▸ TASK INSTRUCTIONS: Under this line is a listing; return exactly the lines starting at the one with "Penyerahan masker medis" and running down to the one with "ซ้อมต้านรัฐประ", and leave out its pictures.

++++ DATA SHOWN ++++

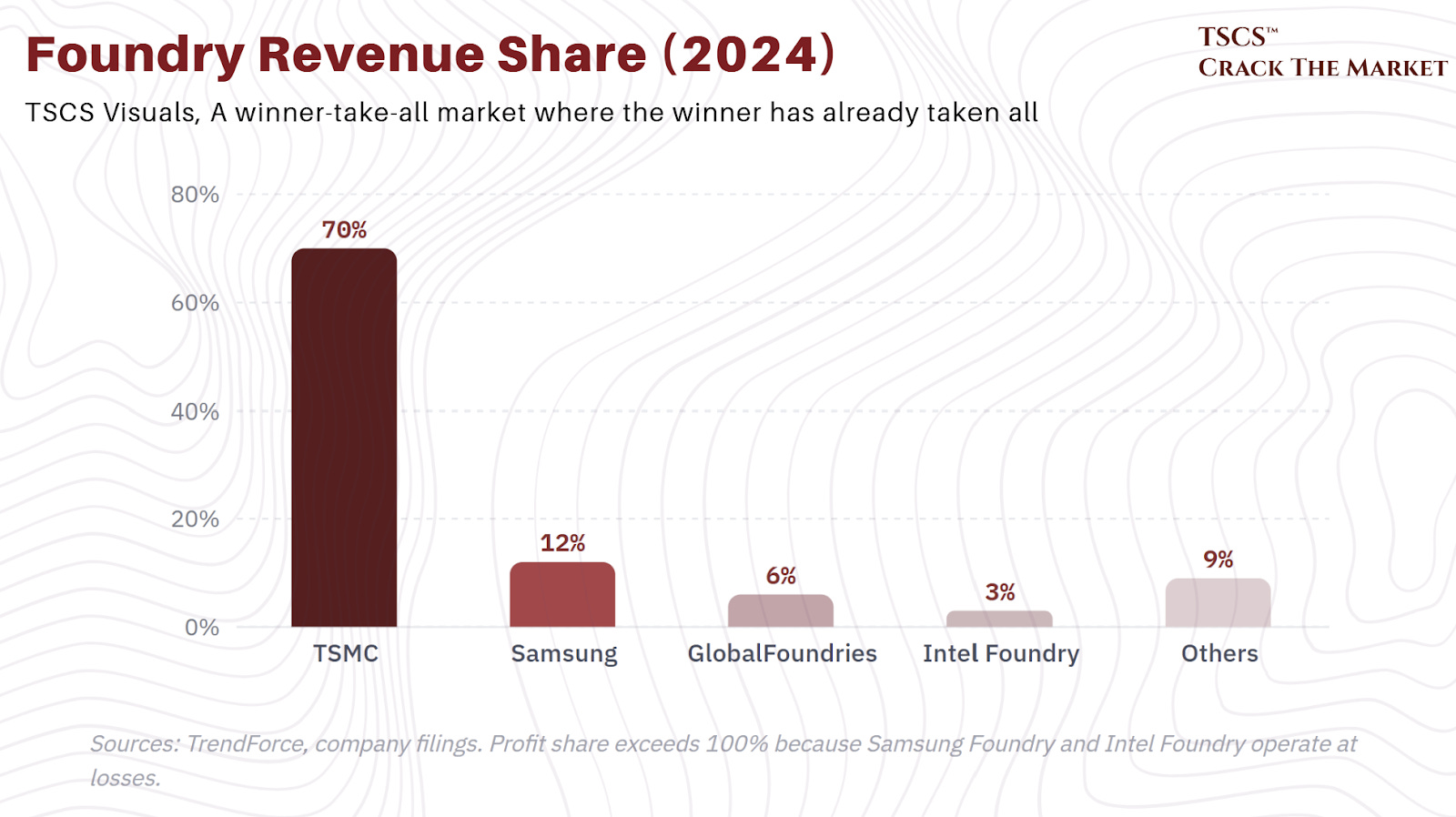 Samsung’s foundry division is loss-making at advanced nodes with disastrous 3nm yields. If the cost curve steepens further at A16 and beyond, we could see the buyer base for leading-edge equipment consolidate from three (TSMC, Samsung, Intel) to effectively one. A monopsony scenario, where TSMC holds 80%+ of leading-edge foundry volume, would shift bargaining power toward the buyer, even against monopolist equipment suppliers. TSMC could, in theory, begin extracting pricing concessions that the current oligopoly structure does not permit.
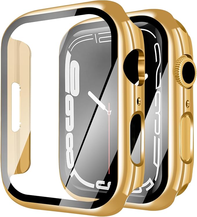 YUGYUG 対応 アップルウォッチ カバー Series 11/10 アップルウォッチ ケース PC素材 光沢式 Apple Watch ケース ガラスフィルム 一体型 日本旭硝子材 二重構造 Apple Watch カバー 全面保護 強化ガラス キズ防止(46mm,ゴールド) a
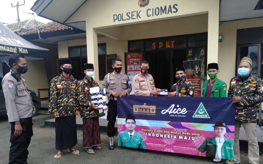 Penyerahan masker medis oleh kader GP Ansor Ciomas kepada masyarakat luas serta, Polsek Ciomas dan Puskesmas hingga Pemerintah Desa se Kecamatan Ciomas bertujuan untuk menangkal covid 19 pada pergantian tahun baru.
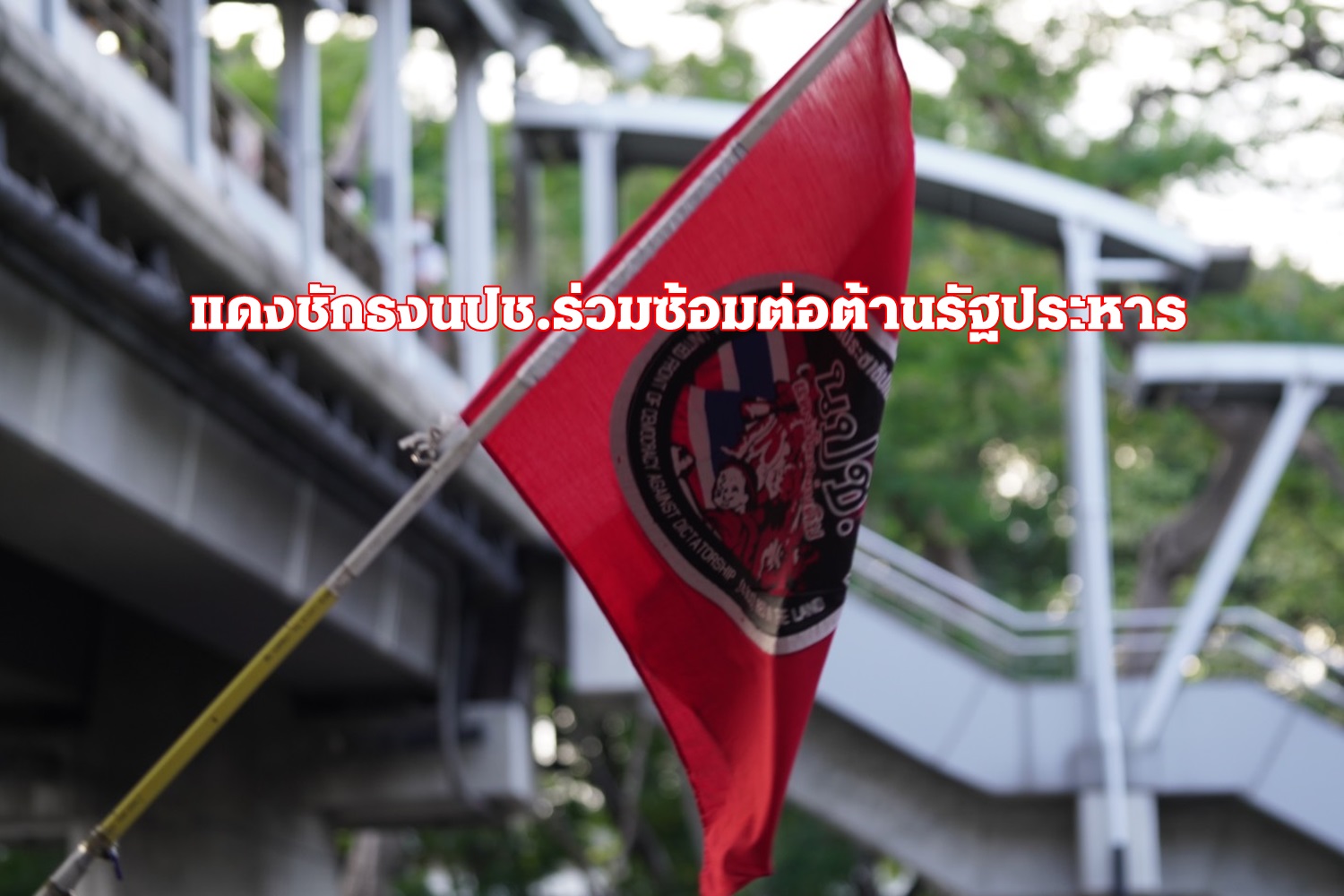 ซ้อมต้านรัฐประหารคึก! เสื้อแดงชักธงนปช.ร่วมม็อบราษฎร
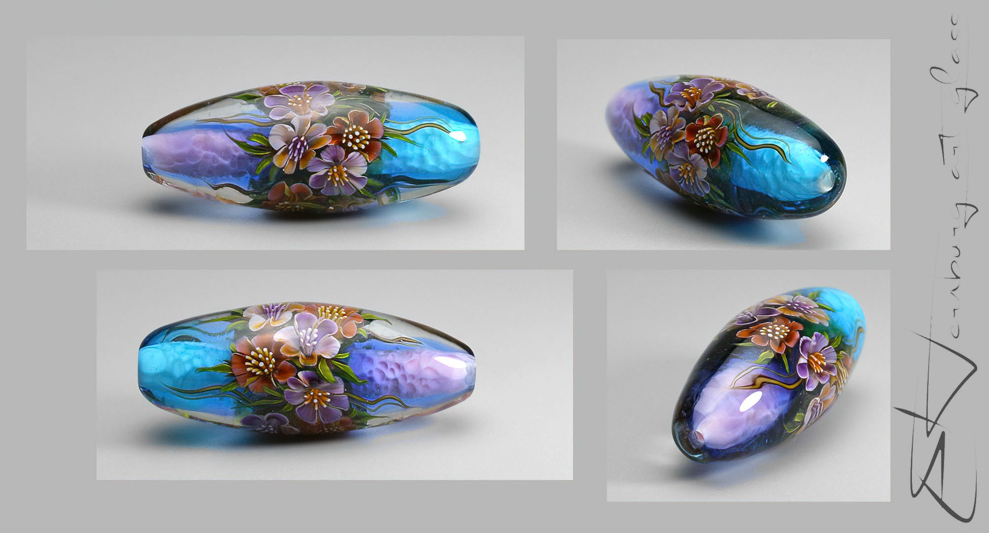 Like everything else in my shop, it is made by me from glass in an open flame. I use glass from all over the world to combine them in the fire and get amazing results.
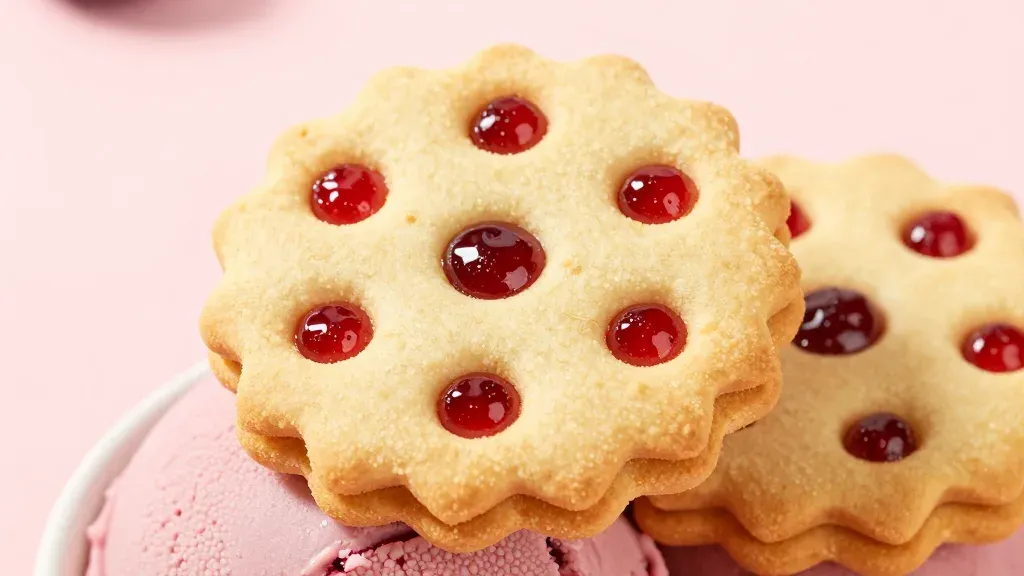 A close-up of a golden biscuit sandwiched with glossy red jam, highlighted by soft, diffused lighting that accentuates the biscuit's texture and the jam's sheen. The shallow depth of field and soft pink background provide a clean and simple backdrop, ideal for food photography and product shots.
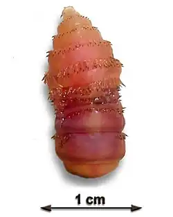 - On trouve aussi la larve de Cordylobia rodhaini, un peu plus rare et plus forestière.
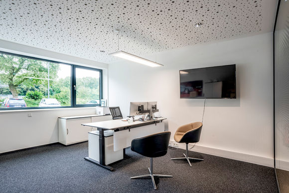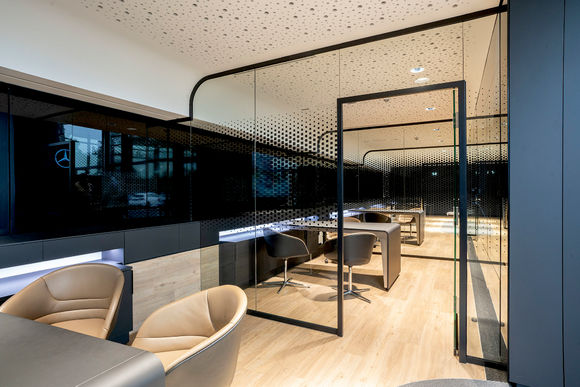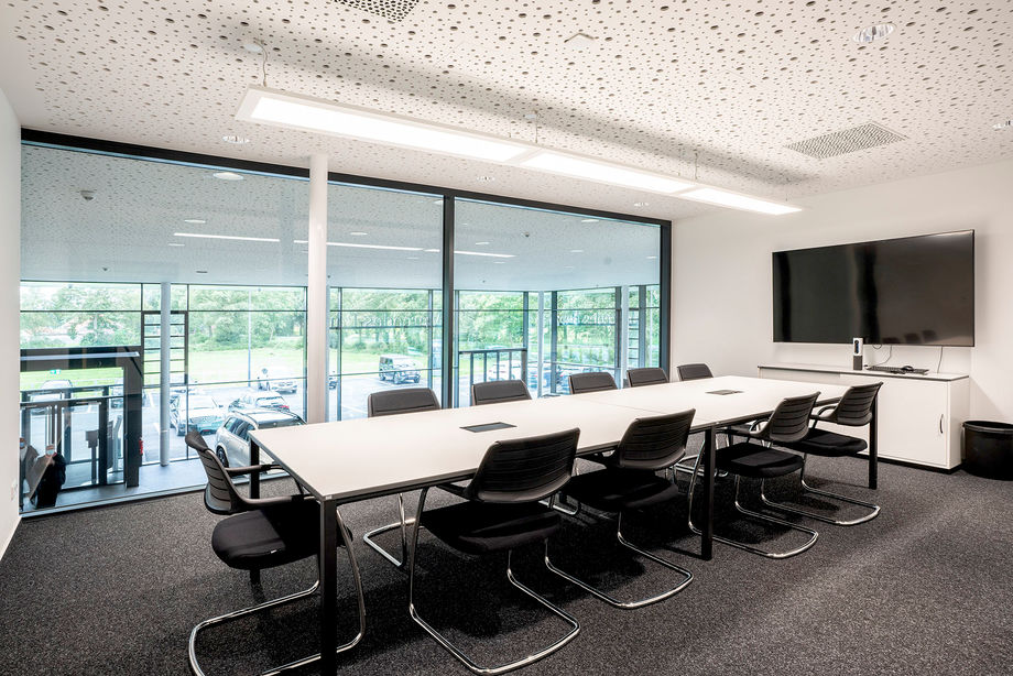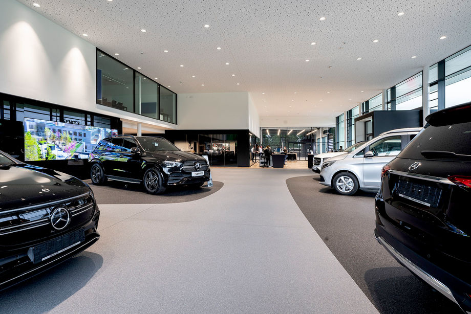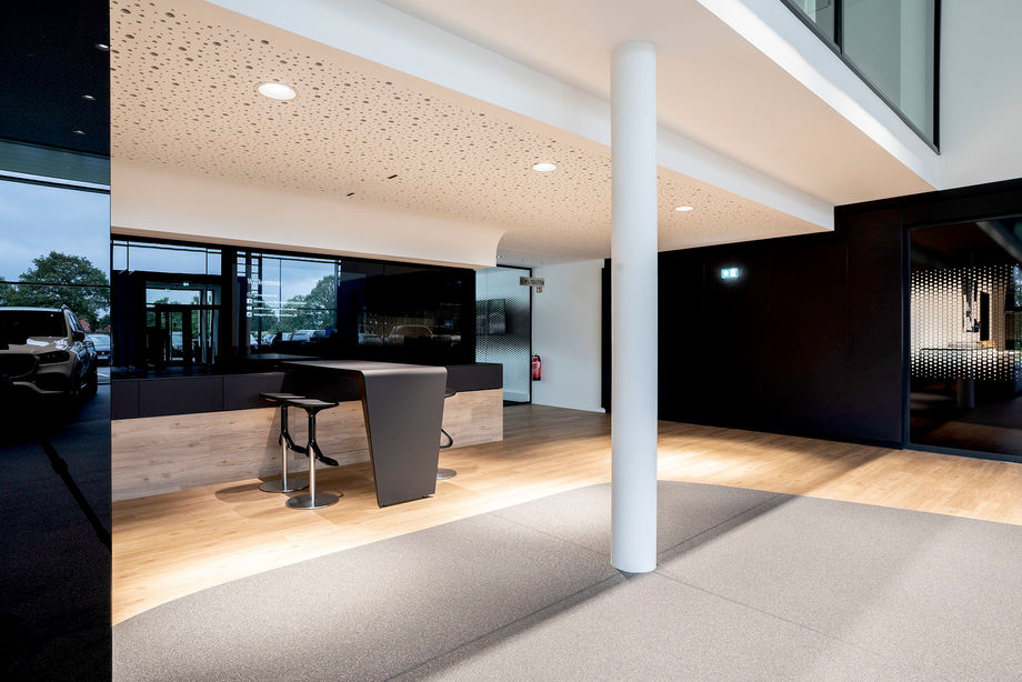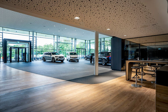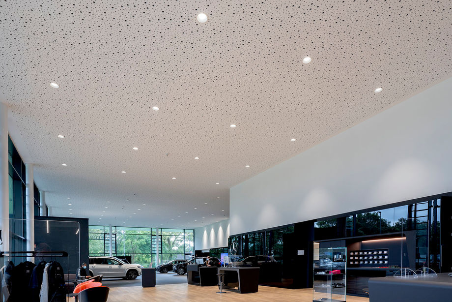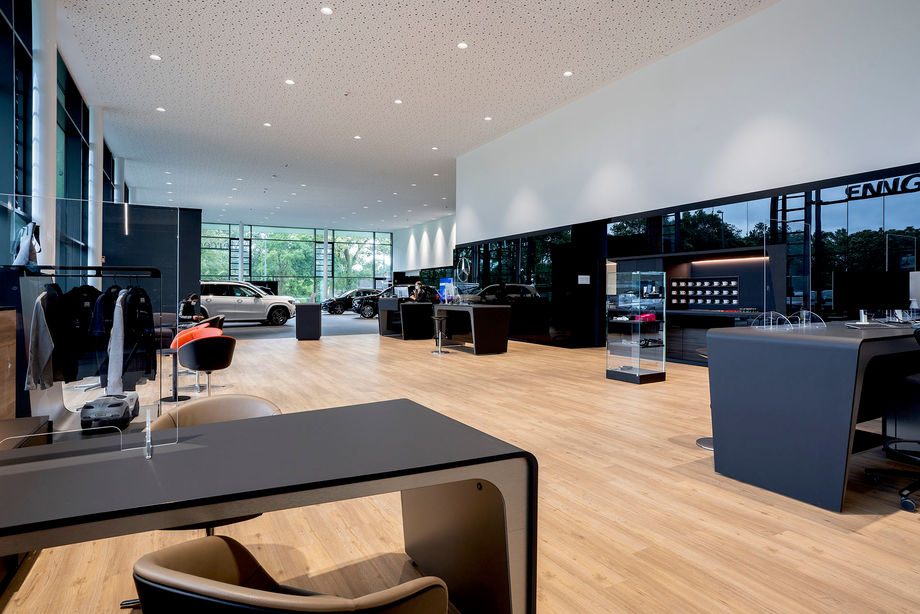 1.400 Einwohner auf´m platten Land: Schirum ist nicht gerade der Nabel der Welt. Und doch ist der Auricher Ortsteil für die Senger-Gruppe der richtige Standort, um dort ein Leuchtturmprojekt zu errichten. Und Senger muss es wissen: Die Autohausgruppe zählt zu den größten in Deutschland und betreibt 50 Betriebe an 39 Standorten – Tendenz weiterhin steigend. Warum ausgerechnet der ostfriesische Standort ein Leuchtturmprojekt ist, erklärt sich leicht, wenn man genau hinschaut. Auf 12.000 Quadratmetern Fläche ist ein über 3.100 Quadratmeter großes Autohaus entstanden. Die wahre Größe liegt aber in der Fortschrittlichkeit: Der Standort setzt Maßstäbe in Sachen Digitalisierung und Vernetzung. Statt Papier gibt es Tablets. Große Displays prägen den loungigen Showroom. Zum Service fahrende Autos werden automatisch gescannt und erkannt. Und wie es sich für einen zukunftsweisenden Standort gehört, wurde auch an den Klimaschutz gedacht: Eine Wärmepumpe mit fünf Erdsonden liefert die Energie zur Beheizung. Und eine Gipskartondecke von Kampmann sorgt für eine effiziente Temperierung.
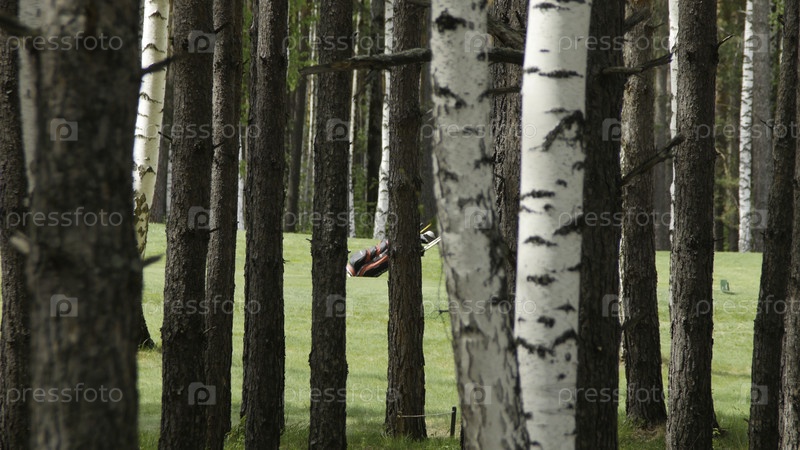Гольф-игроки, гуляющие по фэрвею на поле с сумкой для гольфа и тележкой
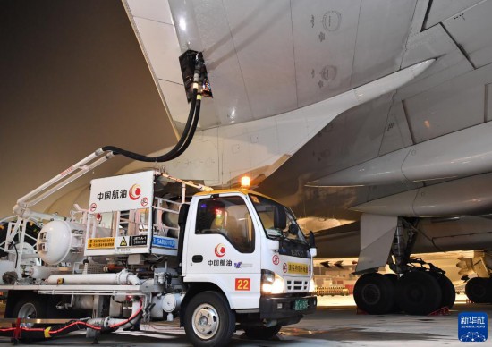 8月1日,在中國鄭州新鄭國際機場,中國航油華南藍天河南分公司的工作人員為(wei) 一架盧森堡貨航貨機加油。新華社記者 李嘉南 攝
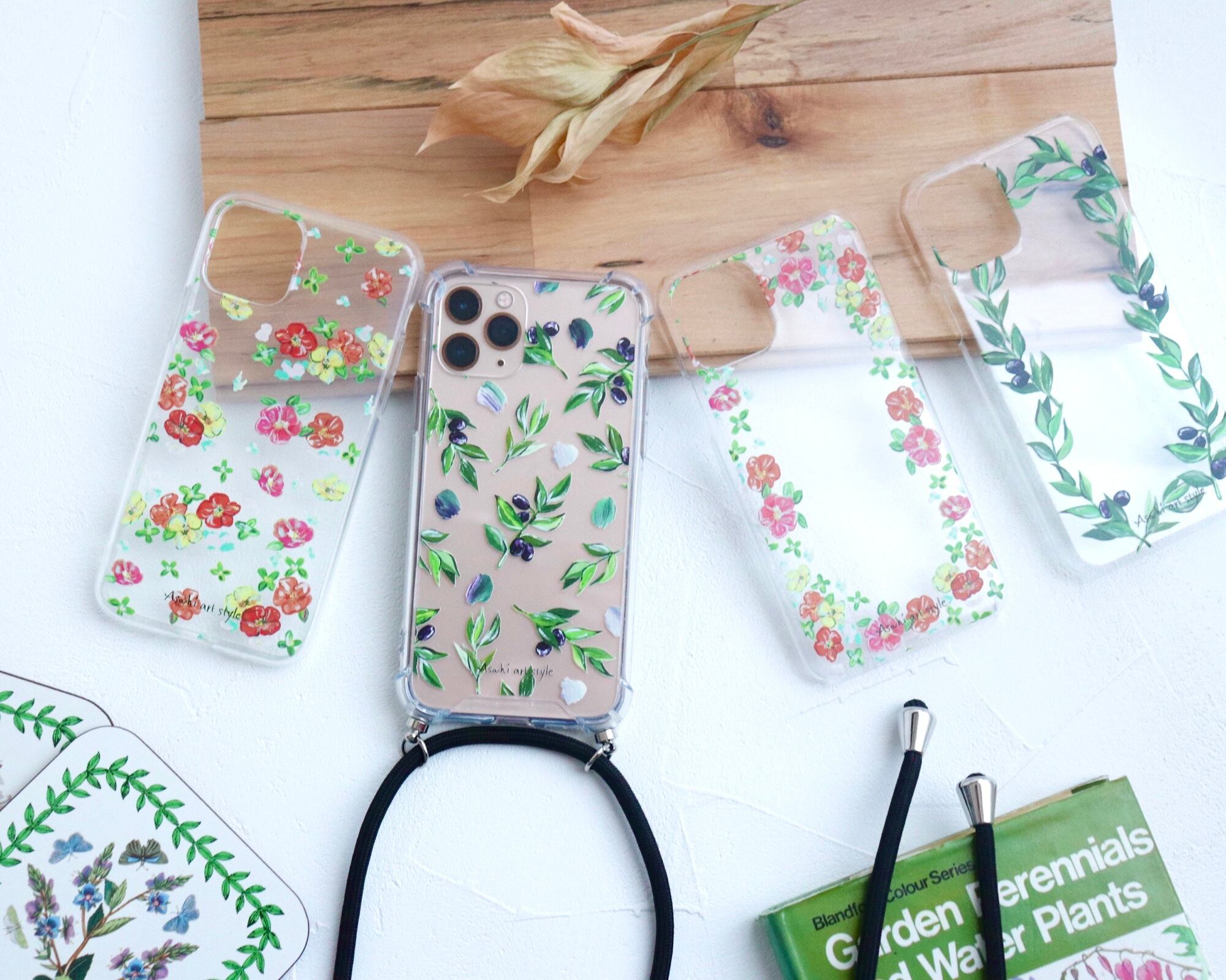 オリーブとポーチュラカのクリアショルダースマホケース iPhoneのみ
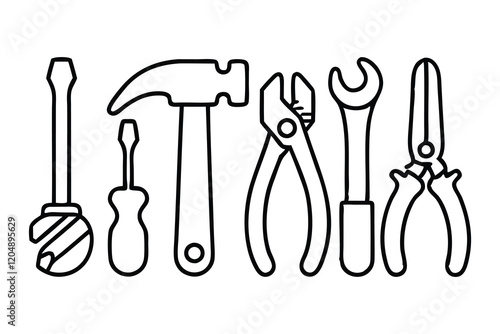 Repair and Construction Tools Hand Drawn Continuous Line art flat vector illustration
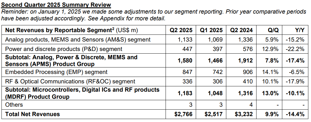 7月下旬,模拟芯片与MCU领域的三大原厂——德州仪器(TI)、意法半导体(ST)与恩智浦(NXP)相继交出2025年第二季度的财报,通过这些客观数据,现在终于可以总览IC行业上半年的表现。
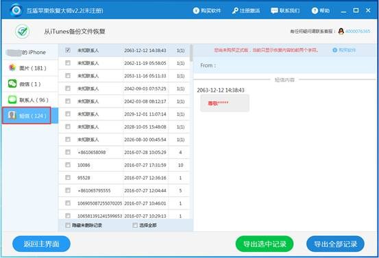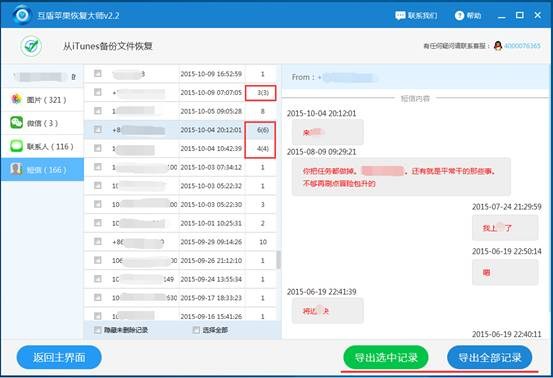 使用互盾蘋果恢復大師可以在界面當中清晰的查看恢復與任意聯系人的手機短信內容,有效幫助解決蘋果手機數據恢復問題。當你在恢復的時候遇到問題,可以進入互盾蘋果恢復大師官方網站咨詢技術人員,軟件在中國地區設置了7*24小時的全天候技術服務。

++++

▸ EXERCISE SOLUTION:
 Penyerahan masker medis oleh kader GP Ansor Ciomas kepada masyarakat luas serta, Polsek Ciomas dan Puskesmas hingga Pemerintah Desa se Kecamatan Ciomas bertujuan untuk menangkal covid 19 pada pergantian tahun baru.
 ซ้อมต้านรัฐประหารคึก! เสื้อแดงชักธงนปช.ร่วมม็อบราษฎร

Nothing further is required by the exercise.